Была одна малая зацепка: в июне 1825 года мичман Лопарев, пользуясь месячным увольнением по причине тяжелой болезни матери, вдруг уехал не к родителям в имение, а в Варшаву, где пробыл пять суток у невесты Ядвиги Менцовской, с которой будто бы поссорился. Менцовская заявила, что ничего не знала о принадлежности жениха к тайному обществу. Никаких документов, изобличающих мичмана, у следственной комиссии не было. Так бы и остался вопрос открытым, если бы сам царь не усомнился: подумать только – ездил в Варшаву! Это же все равно что к дьяволу в пекло. Не проходило ни одной тайной молитвы, когда бы царь не оглядывался на Варшаву. Это же Варшава!

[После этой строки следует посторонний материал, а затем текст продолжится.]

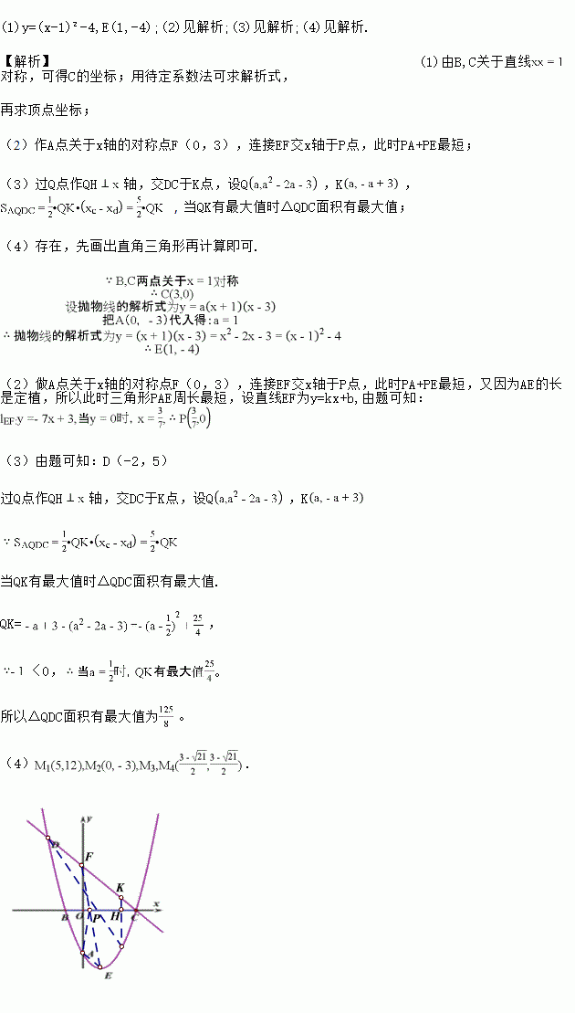 经过A(0,-3),B(-1,0),且抛物线对称轴为直线,E![]()

Вот почему у него сорвался голос, когда он потребовал:
– Назови сообщников в Варшаве! По чьему поручению ездил? С кем ты встречался? Отвечай! – Он ко всем обращался на «ты».
Лопарев молчал.
Комендант крепости генерал Сукин, тараща глаза, прошипел сквозь зубы:
– Отвечайте!
Лопарев передернул плечами и, глядя в упор на царя, проговорил:
– Я ездил в Варшаву повидаться с невестой. Более ничего не могу сообщить.
– На колени! – ткнул царь кулаком в стол.
– На колени! На колени! – подтолкнул в спину Сукин.
Лопарев вытянулся, как на параде.
– Я отвечаю, ваше императорское величество, только за свои деяния и поступки. За других отвечать не могу и никого не назову. В Варшаве я виделся только с невестой, Ядвигой Менцовской.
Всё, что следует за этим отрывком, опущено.